The government of India has also been mulling over invoking the compulsory licensing section of the Patent Act to ensure equitable distribution of the drug. These are steps in the right direction but do little to deter black marketing and hoarding, resulting in sky-rocketing prices. Also, when demand, coupled with panic, keeps rising sharply, boosting manufacturing is never going to be sufficient. While we continue to increase quantity, we need to take a relook at quality assurance as well. But in a pandemic, with manufacturers and the healthcare system being overworked, we are left with little or no time to look at the supply chain leaks.
“ Counterfeit medicines and medical equipment is not a new menace. However, the once-in-a-century pandemic has caused further disruptions to the complex and fragile supply chains. While addressing the issue of fake Remdesivir and other COVID 19 medicines approved for emergency use, we need to keep in mind that:
- An unimaginable rise in demand and the importance of timely administration of the drugs in a pandemic scenario is a breeding ground for counterfeit goods.
- Manufacturers are expanding their networks to increase production and supply. New networks could mean an increase in loopholes in the supply chain as workflow patterns change.
- India has the most stringent regulations for pharmaceutical exports. But in the domestic market, serializations, track and trace using overt and covert markers, RFIDS, and other methods to check counterfeit has been broadly suggestive.

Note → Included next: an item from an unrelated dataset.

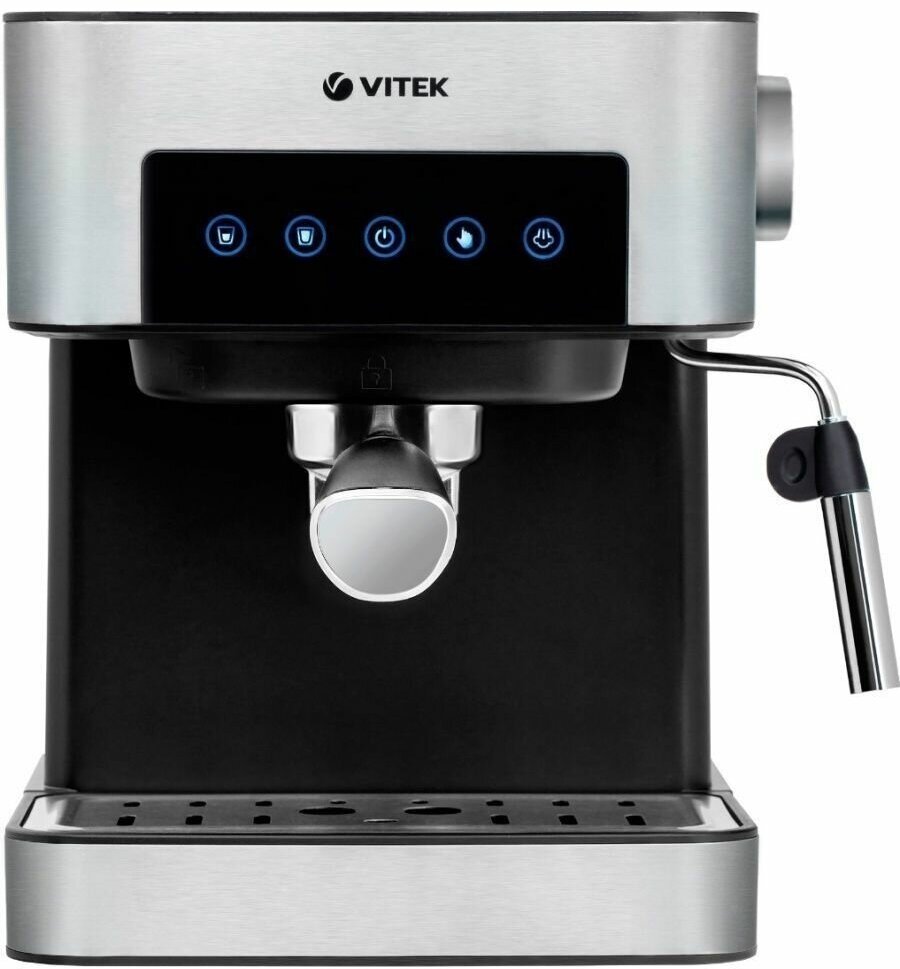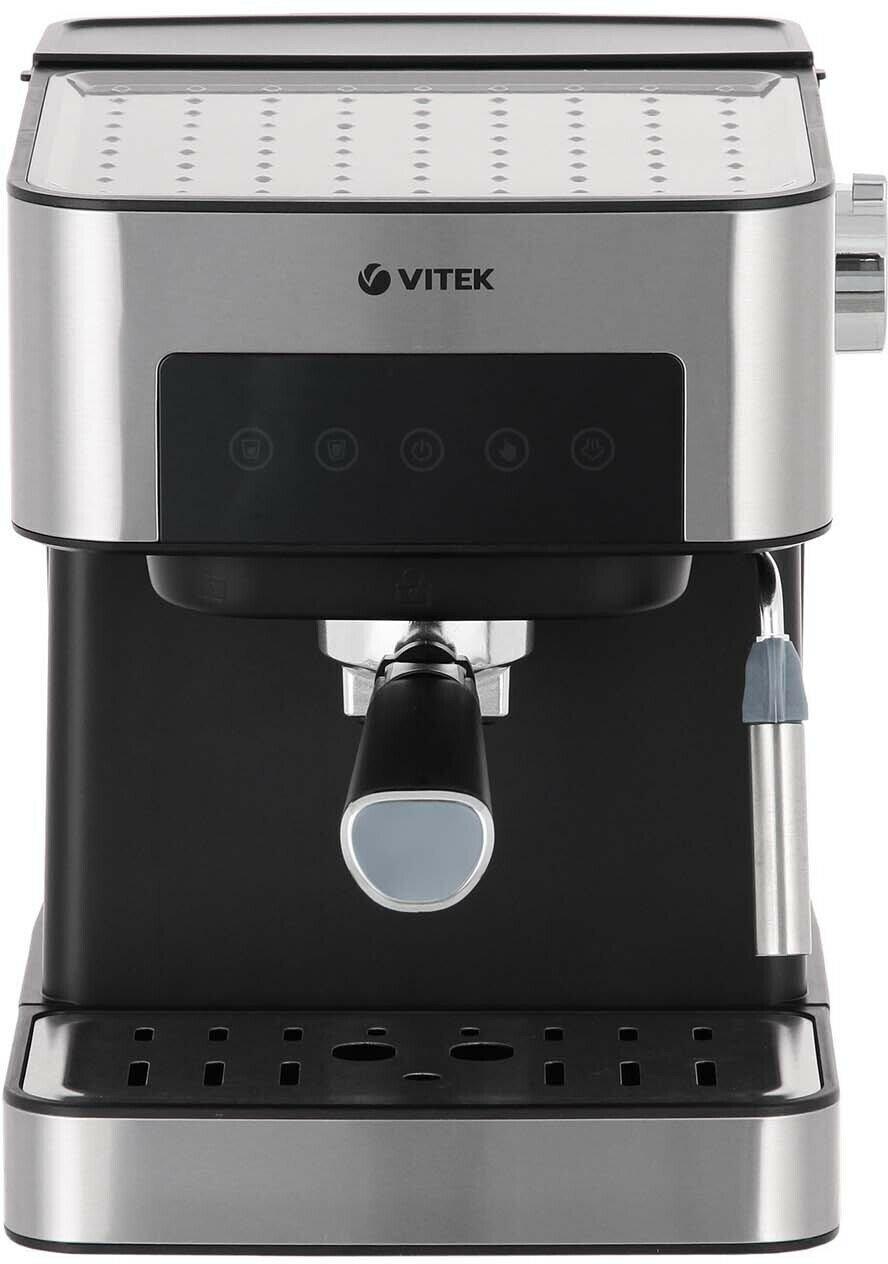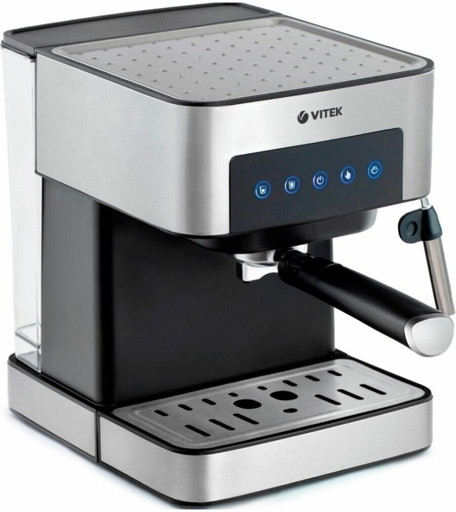 Кофеварка рожкового типа Vitek отличается следующими параметрами: высота составляет 28 см, ширина – 21 см, глубина – 40 см. Прибор можно использовать для варки кофе одновременно на две чашки. Управление устройством механическое, владелец имеет возможность самостоятельно регулировать объем порции. Также кофеварка имеет встроенный капучинатор с ручным типом управления.

- Since Remdesivir has been repurposed for use in COVID patients, the research on the medicine is still exploratory. So it is perhaps difficult to understand whether anomalies are due to a fake or spurious drug or uncommon side effects.
So how can we stop fakes, especially when lives are at stake? The good news is that people are already more vigilant about fake Remdesivir making rounds in the market. To add to that, manufacturers like Cipla had started a dedicated helpline number for emergency cases so that customers can procure the product directly from the company or trusted sources. Additionally, Twitter is filled with tips and tricks to identify physical differences in the packaging of fake and genuine Remdesivir and other COVID medicines. Often counterfeit products do not carry the Rx symbol and have common spelling or capitalization errors.
“However, beyond physical identifiers, we must harness anti counterfeit technology to secure the supply chain so that fake products do not make it to the end-users. Integrating machine learning and computer visioning with anti-counterfeit technology like serialization, blockchain, track and trace, can remove counterfeits from the supply chain. The technology is user-friendly and integrates with packaging,” says Vikas, who has been helping pharmacies across the nation to secure their products from counterfeit. He further believes that tamper-proof packaging is a must for essential drugs like Remdesivir. Every year, we lose 70,000 people to fake malaria and tuberculosis drugs alone. But lives lost due to counterfeit medicines get buried and lost in statistics.
“Human greed is an endless abyss. People who profit from the suffering of fellow human beings are perhaps beyond redemption. Although we cannot change people, we can change the situation that aids such people. There cannot be a better time for incorporating anti-counterfeit technology in their packaging and distribution for pharmacies in India. Now is the time to vow that we will not lose a single life due to fake medicines”, concludes Vikas.